Study material:
▽

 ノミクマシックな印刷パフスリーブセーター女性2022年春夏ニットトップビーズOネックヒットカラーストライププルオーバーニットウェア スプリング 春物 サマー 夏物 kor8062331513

△
▽

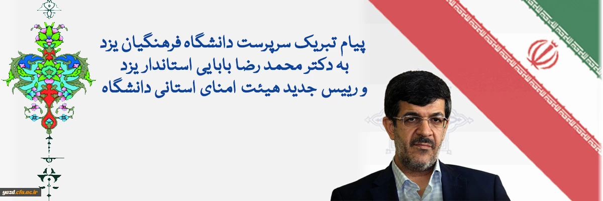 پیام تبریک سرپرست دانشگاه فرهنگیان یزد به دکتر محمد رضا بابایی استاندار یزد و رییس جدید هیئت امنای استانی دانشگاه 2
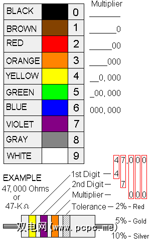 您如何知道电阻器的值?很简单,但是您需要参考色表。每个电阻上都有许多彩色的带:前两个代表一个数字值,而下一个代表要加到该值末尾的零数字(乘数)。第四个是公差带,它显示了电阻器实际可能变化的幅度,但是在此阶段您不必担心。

△
▽

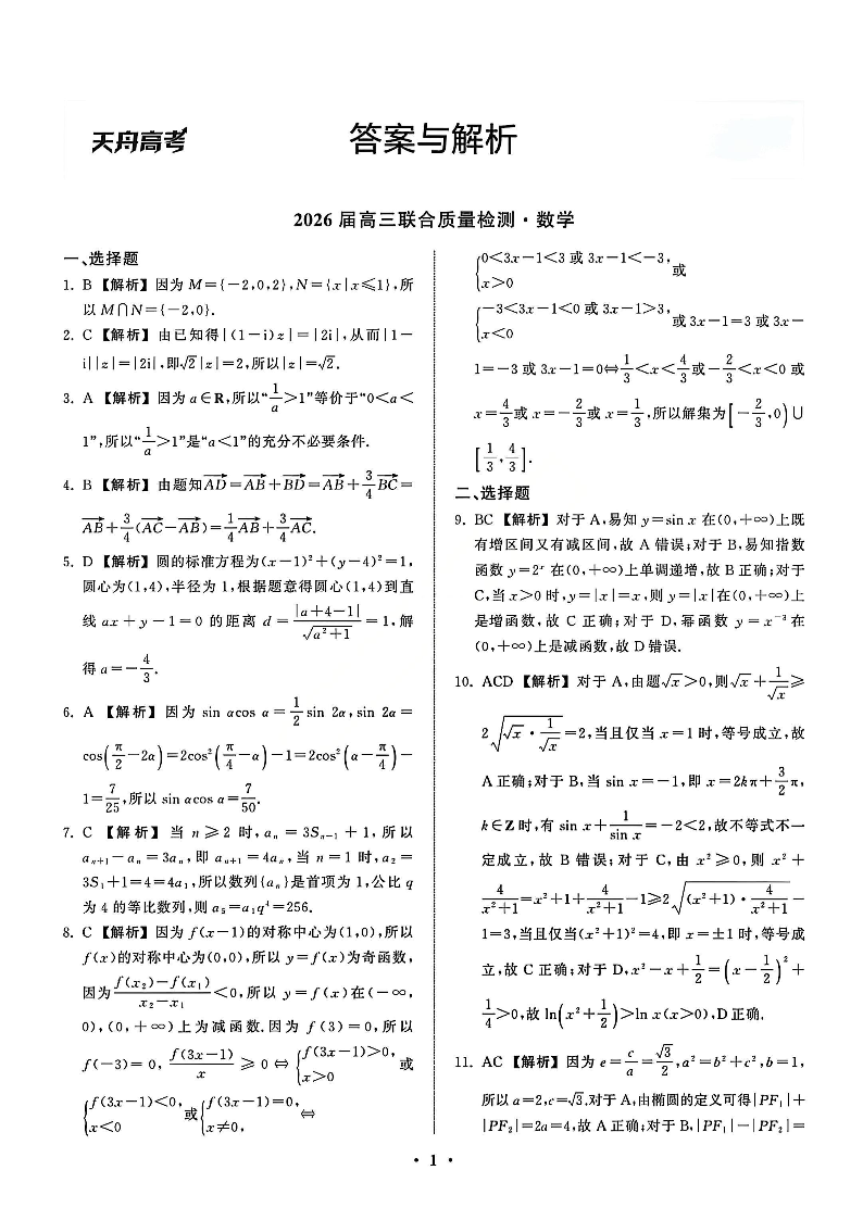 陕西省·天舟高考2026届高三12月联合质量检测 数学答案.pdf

△

Aim of the exercise:
Beginning with the line holding "پیام تبریک سرپرست" in the material above, restate word for word each line through the line holding "您如何知道电阻器的值?很简单", and exclude pictures.

Output below:
 پیام تبریک سرپرست دانشگاه فرهنگیان یزد به دکتر محمد رضا بابایی استاندار یزد و رییس جدید هیئت امنای استانی دانشگاه 2
 您如何知道电阻器的值?很简单,但是您需要参考色表。每个电阻上都有许多彩色的带:前两个代表一个数字值,而下一个代表要加到该值末尾的零数字(乘数)。第四个是公差带,它显示了电阻器实际可能变化的幅度,但是在此阶段您不必担心。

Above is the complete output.